--- DATA EXCERPT Enclosed Below ---

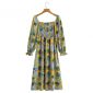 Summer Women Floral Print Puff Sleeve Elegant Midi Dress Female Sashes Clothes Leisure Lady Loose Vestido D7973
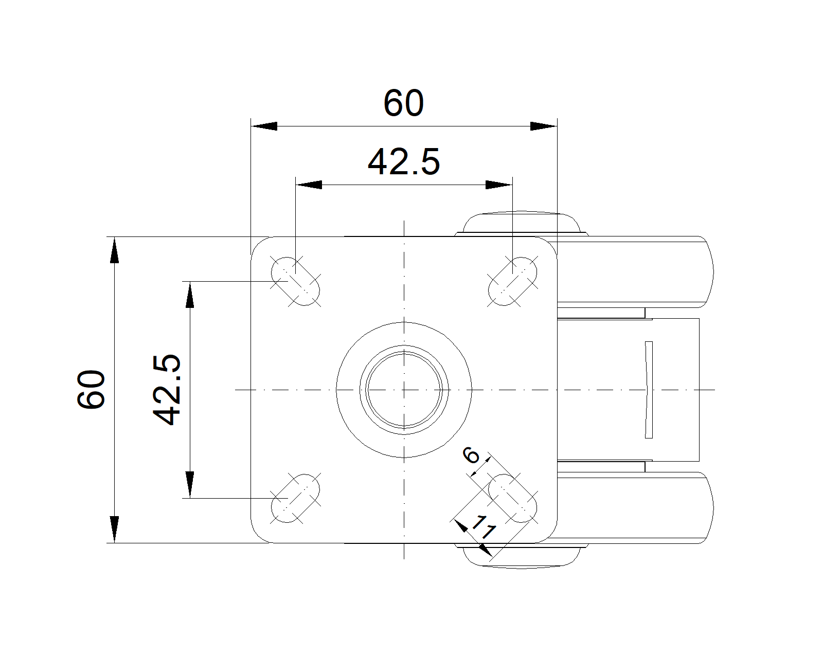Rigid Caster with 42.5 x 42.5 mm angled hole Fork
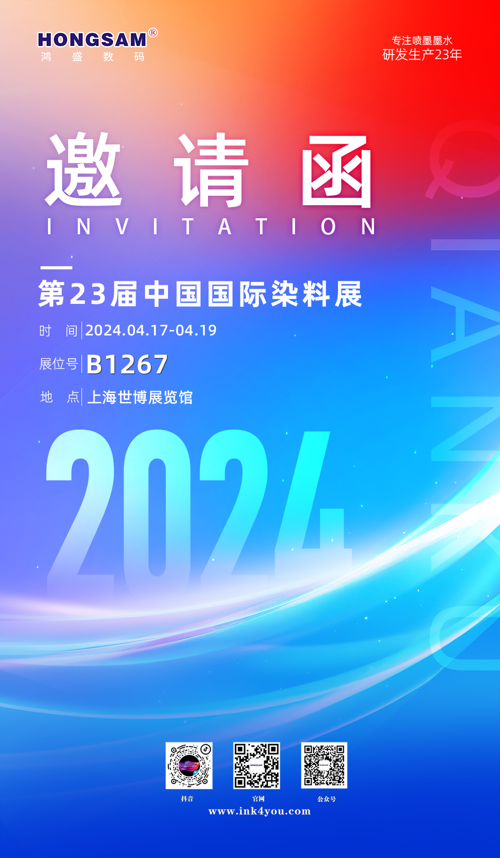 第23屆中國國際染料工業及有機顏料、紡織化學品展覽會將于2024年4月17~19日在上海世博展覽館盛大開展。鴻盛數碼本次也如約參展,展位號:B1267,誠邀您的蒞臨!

--- End of Enclosed DATA EXCERPT ---

Only the lines from the one containing "Rigid Caster with" to the end of the listing belong in the answer, exactly as they stand and with no pictures.

:: RESULT OF THIS TASK ::
Rigid Caster with 42.5 x 42.5 mm angled hole Fork
 第23屆中國國際染料工業及有機顏料、紡織化學品展覽會將于2024年4月17~19日在上海世博展覽館盛大開展。鴻盛數碼本次也如約參展,展位號:B1267,誠邀您的蒞臨!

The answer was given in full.